1. A method for analyzing a target system, comprising:
obtaining a plurality of characteristics from the target system using a characteristics extractor, wherein the plurality of characteristics is defined in a characteristics model and each of the plurality of characteristics is associated with one of a plurality of artifacts defined in the characteristics model;
storing each of the plurality of characteristics in a characteristics store; and
analyzing the target system by issuing a query to the characteristics store to obtain an analysis result, wherein the query is used to determine the presence of a first pattern in the target system.

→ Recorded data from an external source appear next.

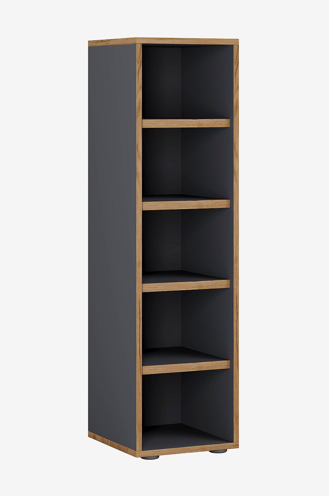 Höjdpunkter: – beslag av högkvalitativ metall – fem fack för upp till 5 par skor – mått på möbeln: ca H. 110 x B. 30 x D. 33 cm Skohyllan ”salia” är ett mirakel på liten yta. Den erbjuder en kombination av förvaringsutrymme och dekoration som ingen annan möbel. Fem fack ger tillräckligt med utrymme för fem par skor eller andra redskap. Byrån kan kombineras med andra möbler från serien ”vcm salia ”.
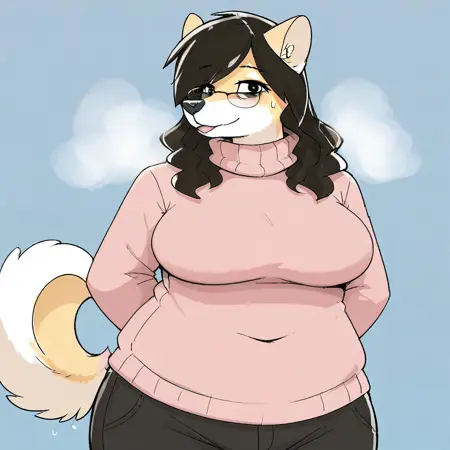 dog, dog girl, shiba inu, tan and white fur, black hair, long hair, black eyes, black nose, curled dog tail, mature female, chubby, large breasts, glasses,
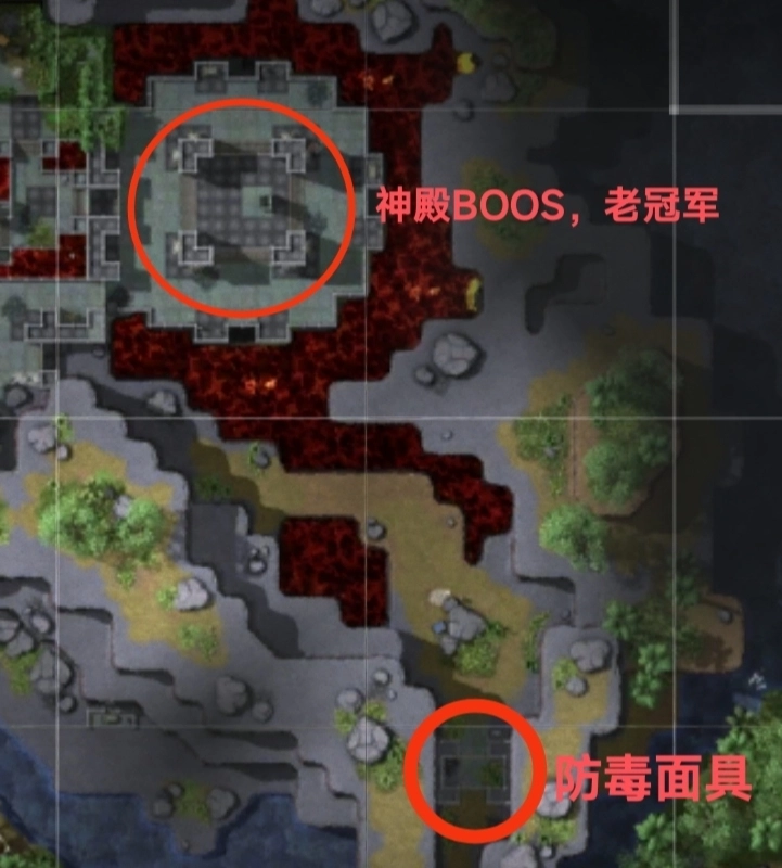 進入神殿后,需要擊敗古墓守衛(wèi)與BOSS老冠軍。建議優(yōu)先使用遠程攻擊,近戰(zhàn)若血量不足會比較棘手。戰(zhàn)勝BOSS后向下行進,即可找到防毒面具,其大致位置可參考下圖。

2. The method of claim 1, further comprising:
obtaining the characteristics model;
generating the characteristics extractor associated with the characteristics model; and
generating a characteristics store application programming interface (API) associated with the characteristics model, wherein the characteristics extractor uses the characteristics store to store each of the plurality of characteristics in the characteristics store.
3. The method of claim 1, wherein the query comprises a plurality of simple queries and a compound query, wherein the compound query is used to determine the presence of a relationship between results of at least two of the plurality of simple queries.
4. The method of claim 3, wherein each of the plurality of simple queries are used to determine the presence of an artifact with a specific characteristic in the characteristics store.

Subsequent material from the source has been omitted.